At the end, we sum the length of text and number of word accross all key-value to obtain total length of text and total number of word where they are equal to 44 and 11 respesctively in this case. In this case, the average length of word is (29 + 15)/(8+3) = 4 characters/word

![](img/q3_a.png "")

### Option 2:

- **Input**:  Key-value pairs $(k3, v3)$ where $k3$ is length and $v3$ is the number of words
- **Map**: recall the output from the exercise 2 where we have (word length, number of word) denoted as $(k3, v3)$ as output. We then map $(k3, v3)$ to $(k4, v4)$ using node id (chunk id) as key, $k4$, and a tuple of $(v3, k3xv3)$ as value $v4$. We can see that $k3xv3$ will represent the total length.
- **Shuffle**: The output $(k4, v4)$ from mapping stage will be sorted according to key, $k4$, and group the value, $v4$, together in the list if they came from the same key.
- **Reduce**: We then apply reduce function ``lambda x, y: ((x[0]+y[0]+z[0]) / (x[1]+y[1]+z[1]))`` on the list of $v4$ in for each key $k4$. Therefore, we now obtain the (key, value) of (k4, (total number of word, total length)). We now can easily calculate the average number of word where we sum the total number of word and total length accross all key $k4$.
<br>

In this case we will have the average length of word equal to (16 + 14 + 14)/(6 + 3 + 2) = 4 chars/word which equal to the 1st option.

![](img/q3_b.png)

## Exercise 4. Find a list of common friends *between pairs of friends*.

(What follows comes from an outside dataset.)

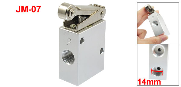 Product Name Mechanical Valve Model JM-07 Resetting Type Standard TypeActuator Type Roller Type Fluid Air Position and Way No. 2 Position 3 Way Pipe Thread Diameter 14mm Pipe Size 1/4 PT Hole Distance(Centre to Centre) 6mm/0.2" Working Pressure Range

Obtain a list of common friends for each pair of friends. That is, for each two people that are friends (assuming friendship is bi-directional), you need to find the friends in common.

You are asked to design the map and reduce functions that read a file that contains a list of friends for each person. Using map and reduce functions you should find for each pair of friends, the list of common friends.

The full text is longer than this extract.